-- EXERCISE PROMPT --
For this exercise, reproduce each entry below exactly, excluding pictures.

[Dataset records]

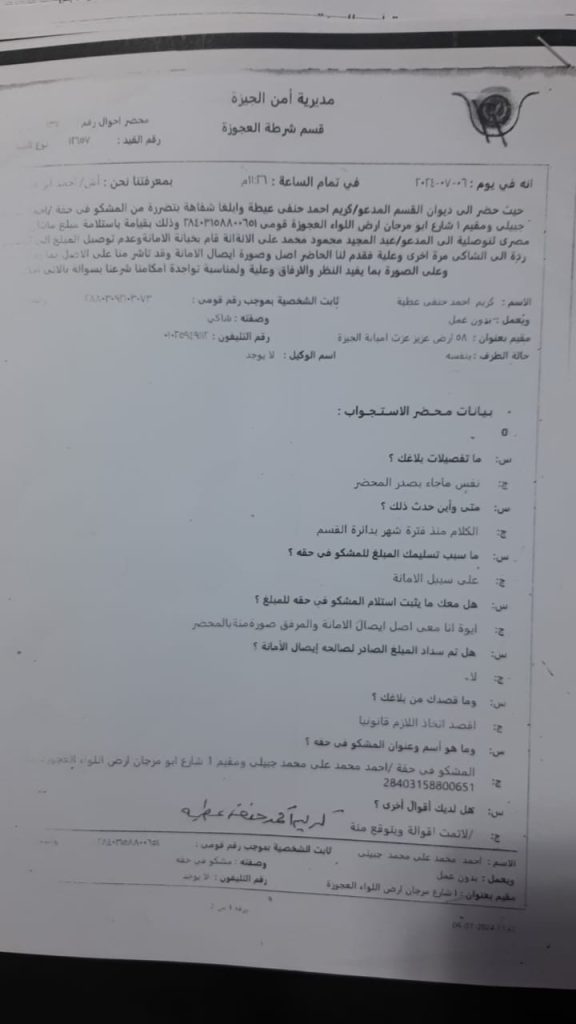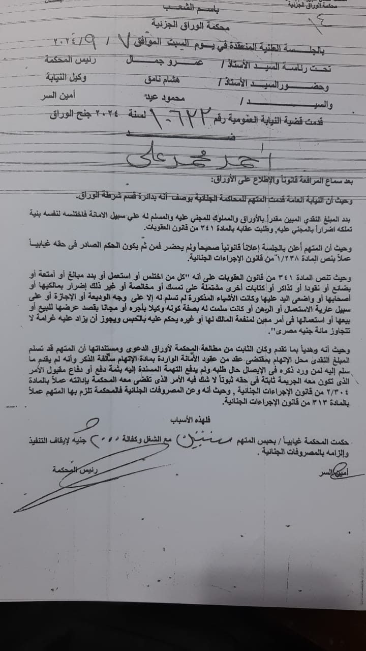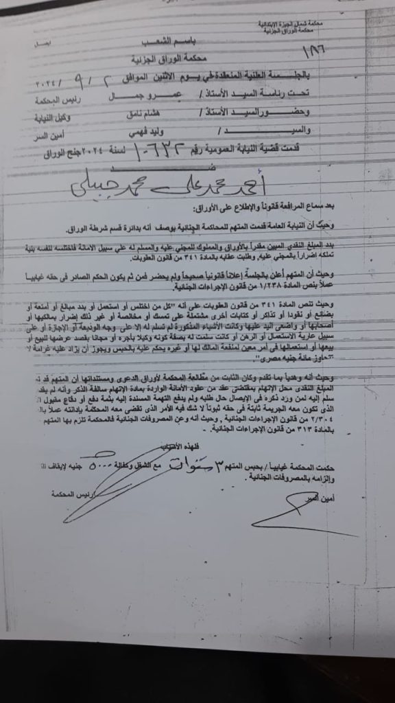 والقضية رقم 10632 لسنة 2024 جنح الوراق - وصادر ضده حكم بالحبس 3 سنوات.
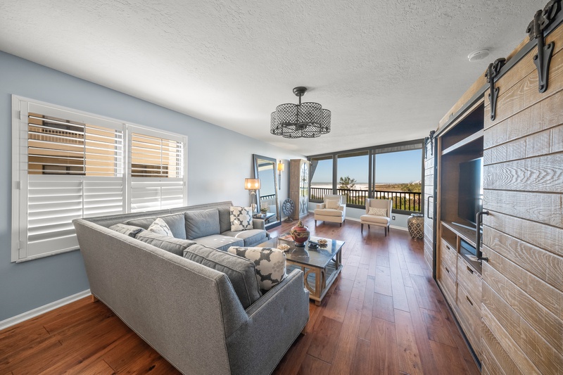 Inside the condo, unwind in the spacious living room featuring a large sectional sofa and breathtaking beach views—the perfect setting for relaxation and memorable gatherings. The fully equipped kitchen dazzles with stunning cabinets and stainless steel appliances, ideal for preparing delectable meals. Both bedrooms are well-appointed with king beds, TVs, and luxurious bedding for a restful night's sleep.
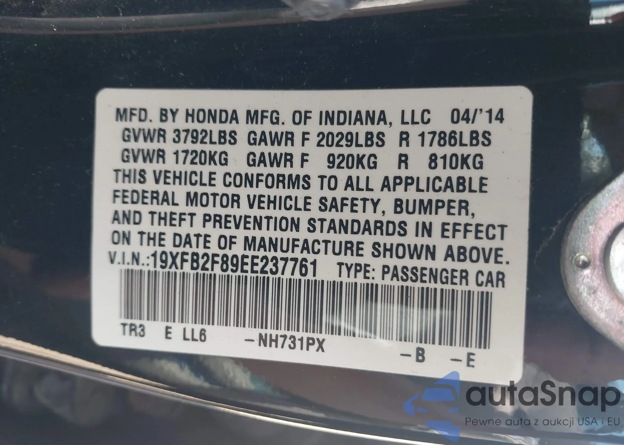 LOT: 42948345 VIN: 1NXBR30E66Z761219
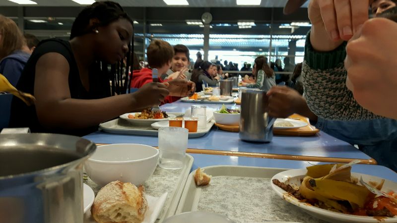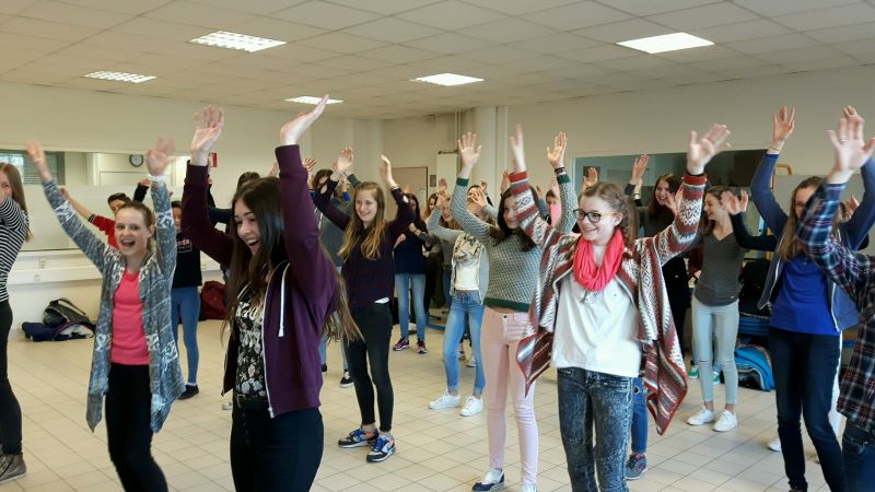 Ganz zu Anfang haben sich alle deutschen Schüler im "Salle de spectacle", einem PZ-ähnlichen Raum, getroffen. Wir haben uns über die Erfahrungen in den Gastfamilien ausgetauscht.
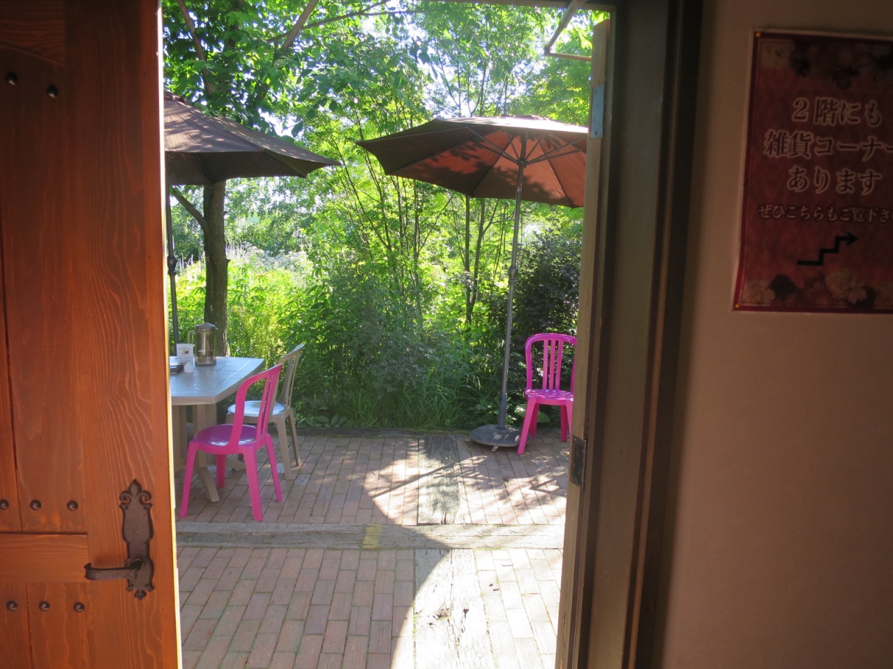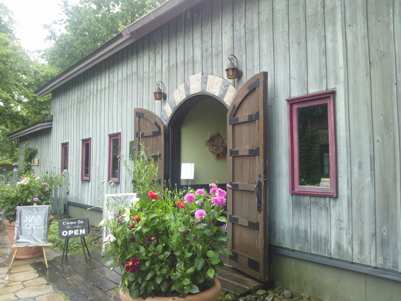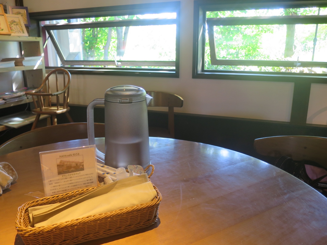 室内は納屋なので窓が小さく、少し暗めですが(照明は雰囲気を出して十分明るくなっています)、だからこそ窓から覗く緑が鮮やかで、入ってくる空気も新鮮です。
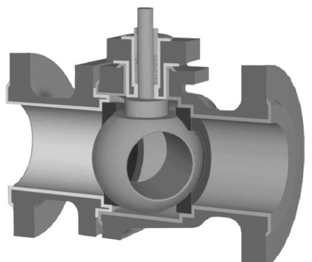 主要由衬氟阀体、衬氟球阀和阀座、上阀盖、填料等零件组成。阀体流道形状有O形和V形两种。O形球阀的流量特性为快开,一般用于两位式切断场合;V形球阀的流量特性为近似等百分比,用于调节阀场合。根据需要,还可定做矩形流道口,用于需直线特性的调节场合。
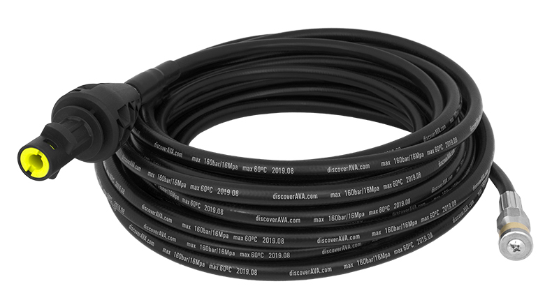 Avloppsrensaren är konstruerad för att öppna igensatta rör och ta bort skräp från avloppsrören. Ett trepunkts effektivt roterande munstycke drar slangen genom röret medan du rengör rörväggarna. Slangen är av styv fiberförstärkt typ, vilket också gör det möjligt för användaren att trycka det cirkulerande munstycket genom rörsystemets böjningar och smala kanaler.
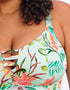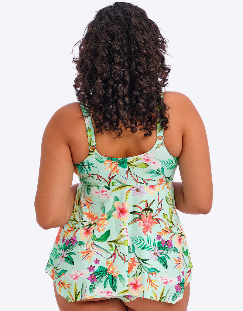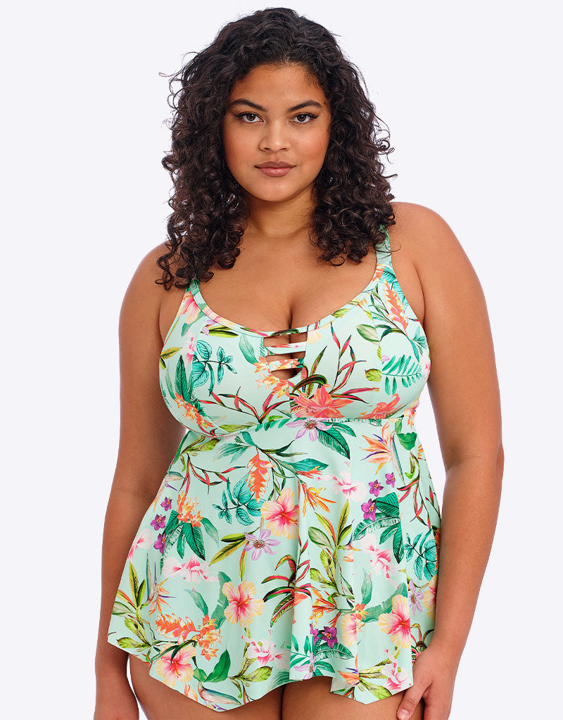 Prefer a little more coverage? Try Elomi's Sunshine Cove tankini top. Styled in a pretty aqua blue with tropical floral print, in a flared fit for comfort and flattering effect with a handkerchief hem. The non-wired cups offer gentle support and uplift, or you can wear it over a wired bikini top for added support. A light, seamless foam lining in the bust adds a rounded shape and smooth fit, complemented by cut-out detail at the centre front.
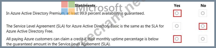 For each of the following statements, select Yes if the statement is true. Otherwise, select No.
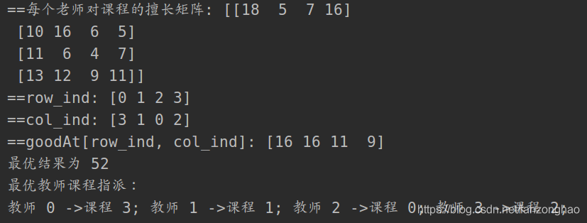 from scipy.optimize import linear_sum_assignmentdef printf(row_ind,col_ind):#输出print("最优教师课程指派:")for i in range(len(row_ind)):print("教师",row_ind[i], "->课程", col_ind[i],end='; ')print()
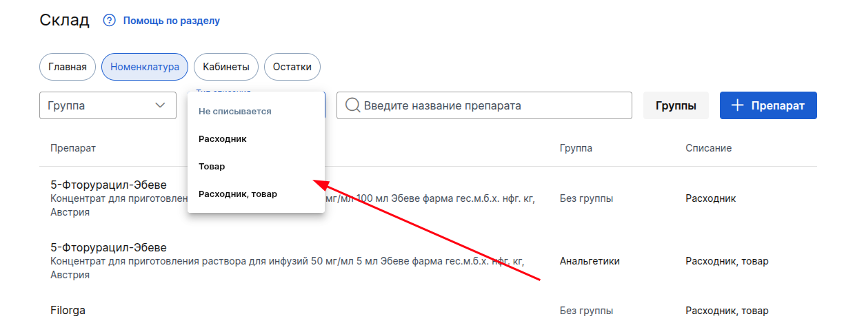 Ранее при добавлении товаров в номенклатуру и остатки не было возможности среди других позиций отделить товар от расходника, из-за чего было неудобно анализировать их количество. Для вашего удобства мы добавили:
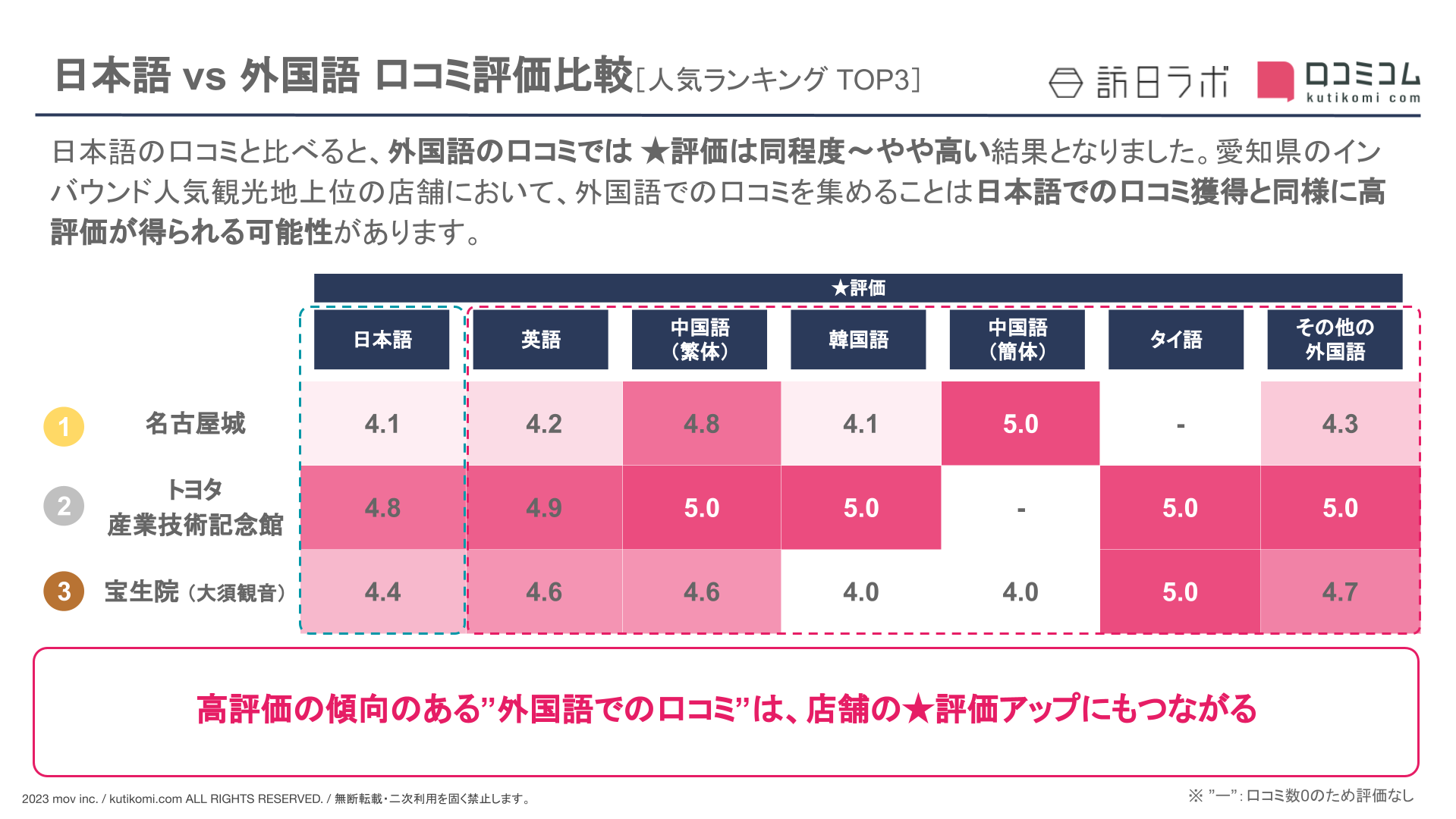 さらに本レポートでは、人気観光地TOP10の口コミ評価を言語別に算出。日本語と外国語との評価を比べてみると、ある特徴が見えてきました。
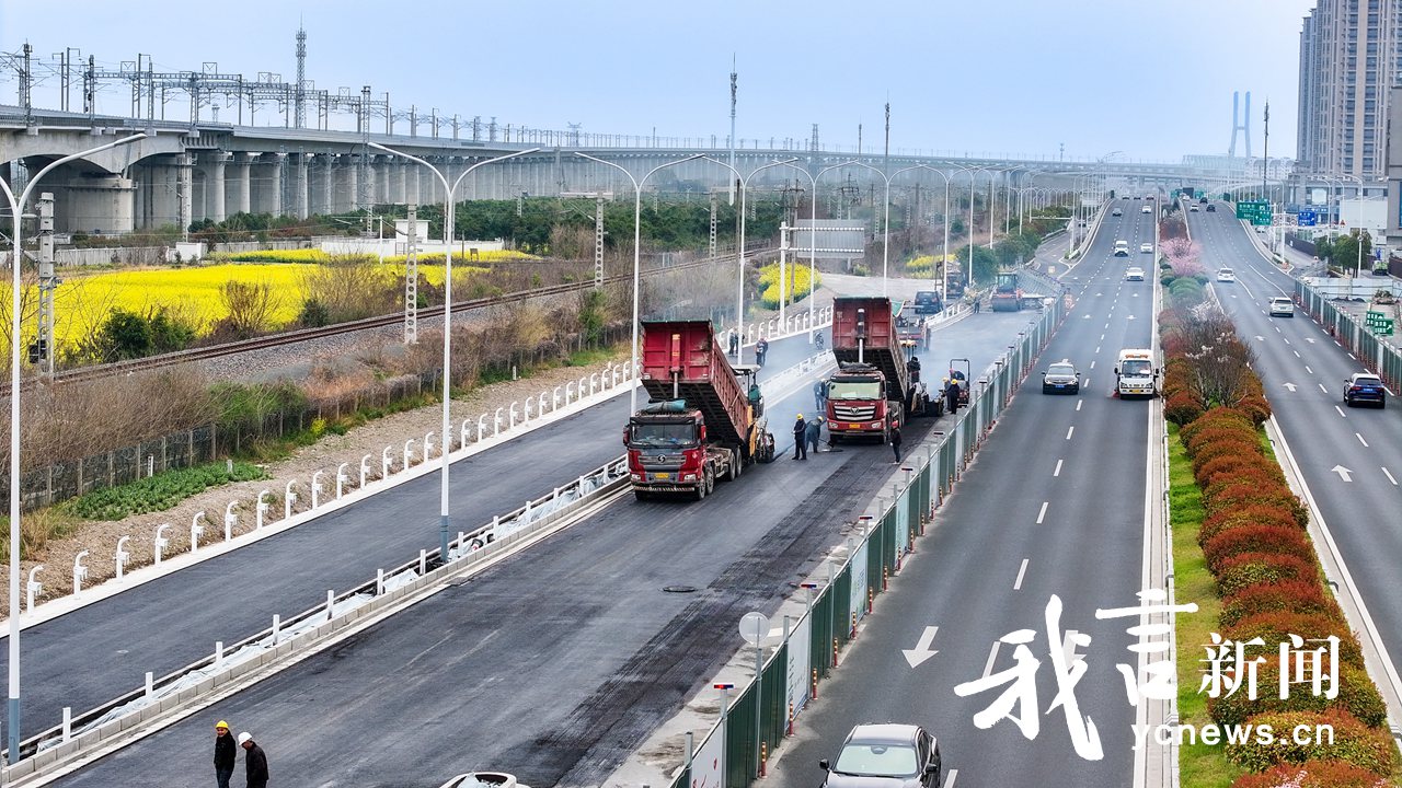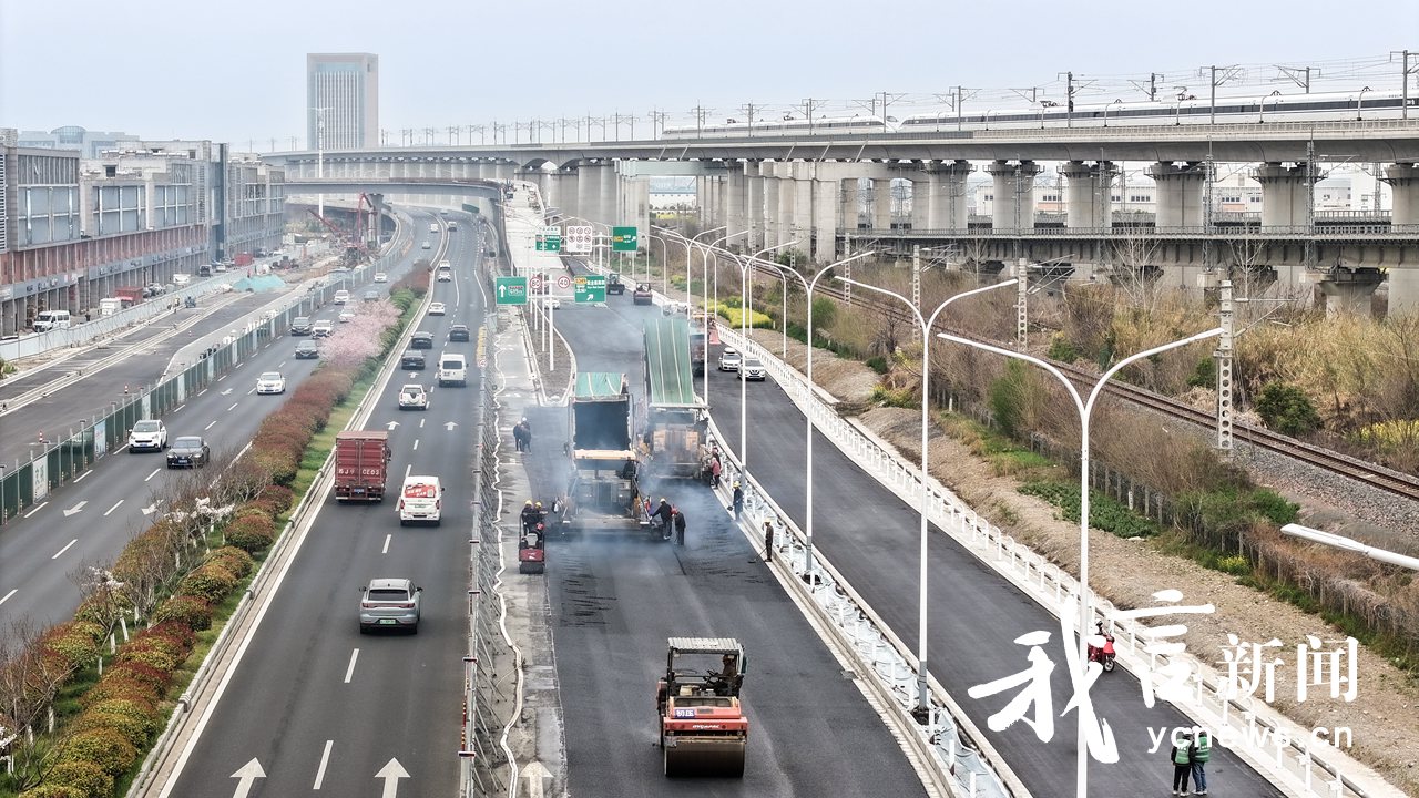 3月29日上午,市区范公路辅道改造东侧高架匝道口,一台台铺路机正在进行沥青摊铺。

-- SOLUTION TO THIS TASK --
 والقضية رقم 10632 لسنة 2024 جنح الوراق - وصادر ضده حكم بالحبس 3 سنوات.
 Inside the condo, unwind in the spacious living room featuring a large sectional sofa and breathtaking beach views—the perfect setting for relaxation and memorable gatherings. The fully equipped kitchen dazzles with stunning cabinets and stainless steel appliances, ideal for preparing delectable meals. Both bedrooms are well-appointed with king beds, TVs, and luxurious bedding for a restful night's sleep.
 LOT: 42948345 VIN: 1NXBR30E66Z761219
 Ganz zu Anfang haben sich alle deutschen Schüler im "Salle de spectacle", einem PZ-ähnlichen Raum, getroffen. Wir haben uns über die Erfahrungen in den Gastfamilien ausgetauscht.
 室内は納屋なので窓が小さく、少し暗めですが(照明は雰囲気を出して十分明るくなっています)、だからこそ窓から覗く緑が鮮やかで、入ってくる空気も新鮮です。
 主要由衬氟阀体、衬氟球阀和阀座、上阀盖、填料等零件组成。阀体流道形状有O形和V形两种。O形球阀的流量特性为快开,一般用于两位式切断场合;V形球阀的流量特性为近似等百分比,用于调节阀场合。根据需要,还可定做矩形流道口,用于需直线特性的调节场合。
 Avloppsrensaren är konstruerad för att öppna igensatta rör och ta bort skräp från avloppsrören. Ett trepunkts effektivt roterande munstycke drar slangen genom röret medan du rengör rörväggarna. Slangen är av styv fiberförstärkt typ, vilket också gör det möjligt för användaren att trycka det cirkulerande munstycket genom rörsystemets böjningar och smala kanaler.
 Prefer a little more coverage? Try Elomi's Sunshine Cove tankini top. Styled in a pretty aqua blue with tropical floral print, in a flared fit for comfort and flattering effect with a handkerchief hem. The non-wired cups offer gentle support and uplift, or you can wear it over a wired bikini top for added support. A light, seamless foam lining in the bust adds a rounded shape and smooth fit, complemented by cut-out detail at the centre front.
 For each of the following statements, select Yes if the statement is true. Otherwise, select No.
 from scipy.optimize import linear_sum_assignmentdef printf(row_ind,col_ind):#输出print("最优教师课程指派:")for i in range(len(row_ind)):print("教师",row_ind[i], "->课程", col_ind[i],end='; ')print()
 Ранее при добавлении товаров в номенклатуру и остатки не было возможности среди других позиций отделить товар от расходника, из-за чего было неудобно анализировать их количество. Для вашего удобства мы добавили:
 さらに本レポートでは、人気観光地TOP10の口コミ評価を言語別に算出。日本語と外国語との評価を比べてみると、ある特徴が見えてきました。
 3月29日上午,市区范公路辅道改造东侧高架匝道口,一台台铺路机正在进行沥青摊铺。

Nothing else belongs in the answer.